In contrast to the reasonably good stretches of road farther away, the sections near Nairobi were terrible. In addition to the standard broken pavement and potholes, another phenomenon could be observed. In cross-section, the rutted pavement looked like two capital letter Us side by side, connected by a convex curve in the middle. This pattern had obviously been generated by overloaded trucks and an underconstructed highway. Someone probably made money on underbuilding the highway, and someone else was probably continuing to make money by allowing overloaded trucks to travel it. Without even careful observation, it was obvious that Kenya imported heavier goods (machinery, vehicles, and equipment) than it exported (flowers, coffee, tea). The road ruts were much deeper on the highway coming into Nairobi (sometimes a foot deep) than they were going out to Mombasa.
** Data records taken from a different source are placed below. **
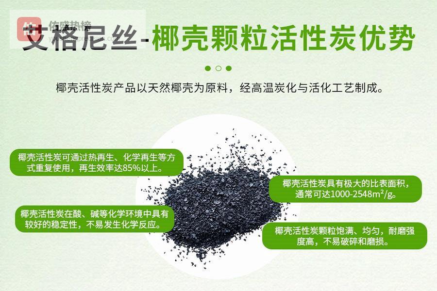 气体净化分离:用于吸附去除空气或工业废气中的有机蒸汽、异味等成分,改善工作环境或满足排放要求。液体提纯精制:在糖业、味精、饮料等食品工业中,用于脱色、除臭、去除杂质;在水处理领域,用于深度净化水质。催化剂载体:凭借其稳定结构和巨大比表面积,可作为某些化学反应的催化剂载体使用。当然,要充分发挥椰壳活性碳颗粒的作用,正确的选型和使用方法至关重要。不同行业、不同处理目标对椰壳活性碳颗粒的规格(如粒径、碘值等)有着不同要求。企业在选择时,应结合自身工艺条件与需求进行考量。艾格尼丝提供的椰壳活性碳颗粒产品系列较为齐全,能够满足多样化的工业应用需求。
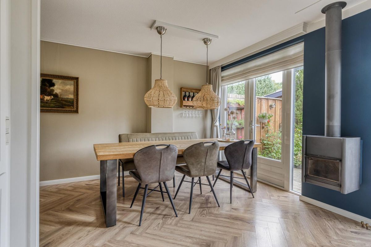 Hier is een royale eethoek gecreëerd, voorzien van een sfeervolle haard die het geheel extra warmte en gezelligheid geeft. De eethoek staat in direct contact met de keuken, die volledig is ingericht met diverse inbouwapparatuur, waaronder een oven, gasfornuis met afzuigkap, koelkast en vriezer. Vanuit de deur bij de keuken én via de dubbele tuindeuren bij de eethoek is er toegang tot de zonnige achtertuin.
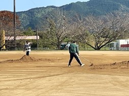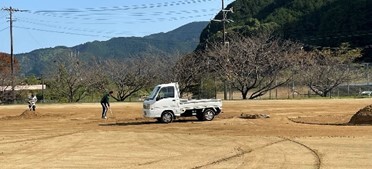 大型ダンプに3車分の土が入りました。小分けにして撒いてもらいました。あとは、先生方に手作業でならしてもらいましたが、もうたいへん。なんとか、ふかふかのグラウンドになりました。ちょっと事情があって、このあと業者に整地してもらう予定です。
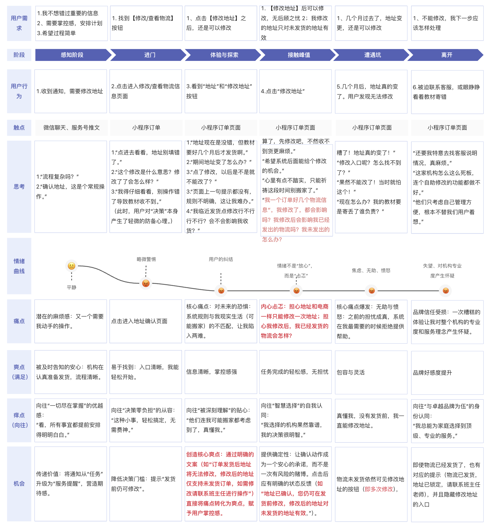 爽点 (创造愉悦): 操作流程非常顺滑,修改地址很快。最关键的是那句提示语——“修改后的地址只对未发货的物流有效”——它给了用户两种强大的感觉:“一切尽在掌握”的掌控感和“系统很灵活”的自由度。
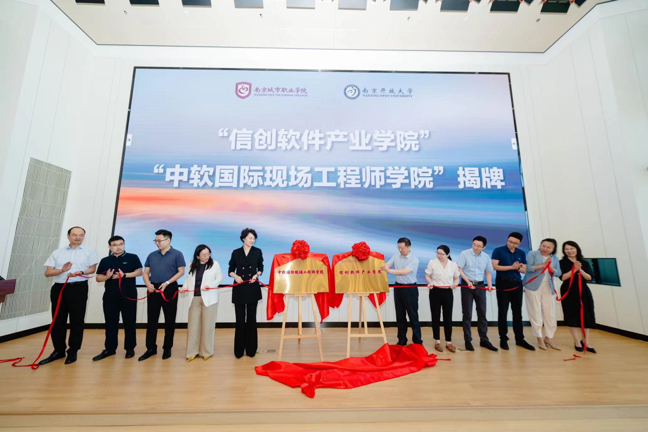 随后举行“信创软件产业学院”“中软国际现场工程师学院”揭牌仪式。南京市委机要保密局葛慧莉副局长,南京市教育局一级调研员、职社处处长黄子亮,我校党委委员、副校长江景,党委委员、智能工程学院院长力志等多位领导共同揭牌。
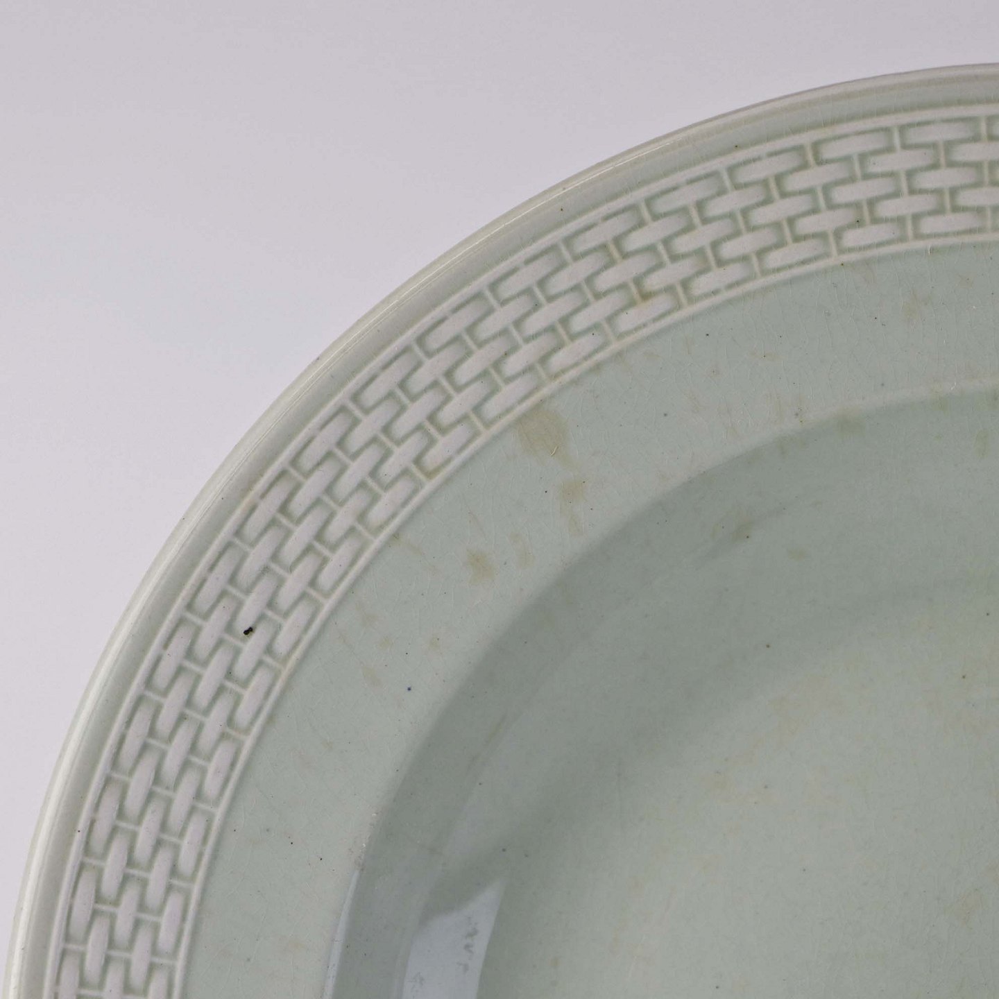 Fajancestel i stelform Viktoria II med fletværk i en lys mintgrøn farve med flettet dekoration langs kanten.

Despite the road, we were looking forward to visiting Tsavo, which is a large but lesser visited game park. It was made somewhat famous by the movie The Ghost and the Darkness with Michael Douglas and Val Kilmer. The very scary movie, based on the book The Man-eaters of Tsavo, tells the true story of a pair of lions at the turn of the twentieth century who sought out humans to kill and eat. During this period when the Trans-Kenyan Railway was being built, these lions killed over one hundred people. Since the period described in the movie, the lions from Tsavo have been involved in numerous other killings. Some people have speculated that these lions are a different and more aggressive subspecies. Studies have supposedly shown that the Tsavo lions have shorter manes and a higher level of testosterone than lions found elsewhere. We didn’t know how much was real and how much was hype for the tourists, but we were going to be careful.

The warden’s house was spacious with lots of beds for the eight of us. Wendy and I got lucky and slept in the master bedroom. Despite being in the middle of nowhere, the house came with comforts. The caretaker was our cook, and he had a stove that ran on bottled gas. The diesel generator ran when we needed light. There was even a hot water heater that consisted of two recycled steel drums with a fire pit underneath. When we wanted to take a hot shower, we just asked the caretaker to build a fire.

The major attraction of the house was a porch with viewing deck above, which faced a waterhole. We looked forward to seeing the game in close proximity, but based on experience, we knew that came with potential downsides. We asked the caretaker if it was necessary to close all the windows at night to keep out baboons. He said baboons weren’t a problem but not to go out after 11:00 p.m. because that’s when lions often came to the watering hole. Every night, we were all safely locked inside the house well before 11:00 p.m.

After settling into our rooms and having a nice “sundowner” gin and tonic on the viewing deck, we all sat down to dinner on the front porch. Only one couple knew everyone in the group. The rest of us felt like we were part of a group that had been assembled for some auspicious (or suspicious) activity that was about to unfold. It was like the opening scene in one of those movies where someone in the group gets murdered in the middle of the night and the rest of the group is trapped and can’t leave.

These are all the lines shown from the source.